Umsatzwachstum: Frederike Beckhoff, Assistentin der Geschäftsführung, stellt die Unternehmenszahlen auf der Pressekonferenz zur Hannover Messe 2026 vor.(Bild:  Manuel Christa)
Umsatzwachstum: Frederike Beckhoff, Assistentin der Geschäftsführung, stellt die Unternehmenszahlen auf der Pressekonferenz zur Hannover Messe 2026 vor.
(Bild: Manuel Christa)

Das Geschäftsjahr 2025 markiert für Beckhoff Automation weit mehr als nur die Rückkehr zur wirtschaftlichen Normalität. Zwar liefert der weltweite Umsatz von 1,24 Milliarden Euro – ein solides Wachstum von sechs Prozent – ein starkes Signal, dass die Konsolidierungsphase nach den Ausnahmejahren in der Branche abgeschlossen ist. Doch die eigentliche Botschaft aus dem ostwestfälischen Verl ist technologischer Natur: Gestützt auf ein konstantes F&E-Budget von 80 Millionen Euro beschleunigt das Unternehmen die Verschmelzung von Informationstechnologie und klassischer Automatisierung (PC-based Control). Kurz gesagt: die sogenannte IT-OT-Konvergenz.
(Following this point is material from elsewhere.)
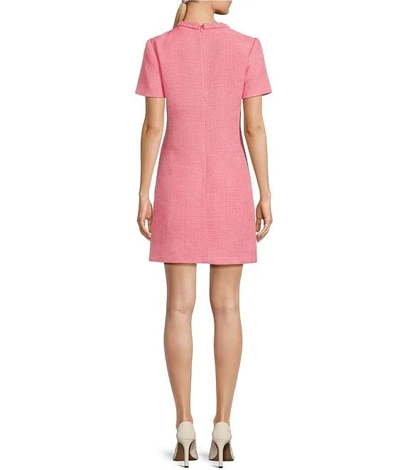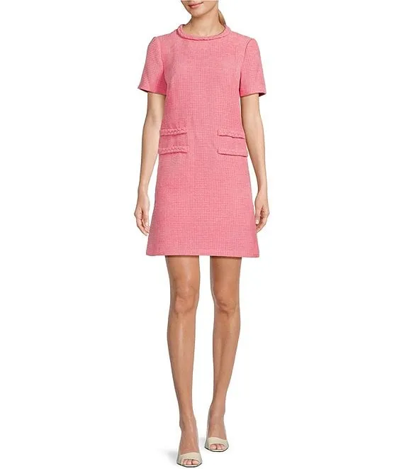 Boucle Braided Trim Round Neck Short Sleeve Shift Dress

Auf der Hannover Messe 2026 zeigte sich deutlich, vor welchen Paradigmenwechseln der Maschinen- und Anlagenbau steht: Die reine Leistungs- und Effizienzsteigerung reicht als Innovationstreiber nicht mehr aus. Industrieanlagen der Zukunft müssen kognitive Fähigkeiten entwickeln, um flexibel auf komplexe Aufgaben reagieren zu können, und gleichzeitig als vernetzte Systeme maximal gegen Cyberangriffe geschützt sein. Wie dieser anspruchsvolle Spagat zwischen generativer „Physical AI“ an der Werkzeugmaschine und strikter „Security by Design“ im Rahmen des neuen Cyber Resilience Act in der Praxis gelingt, demonstrierte Beckhoff eindrucksvoll an seinem Messestand.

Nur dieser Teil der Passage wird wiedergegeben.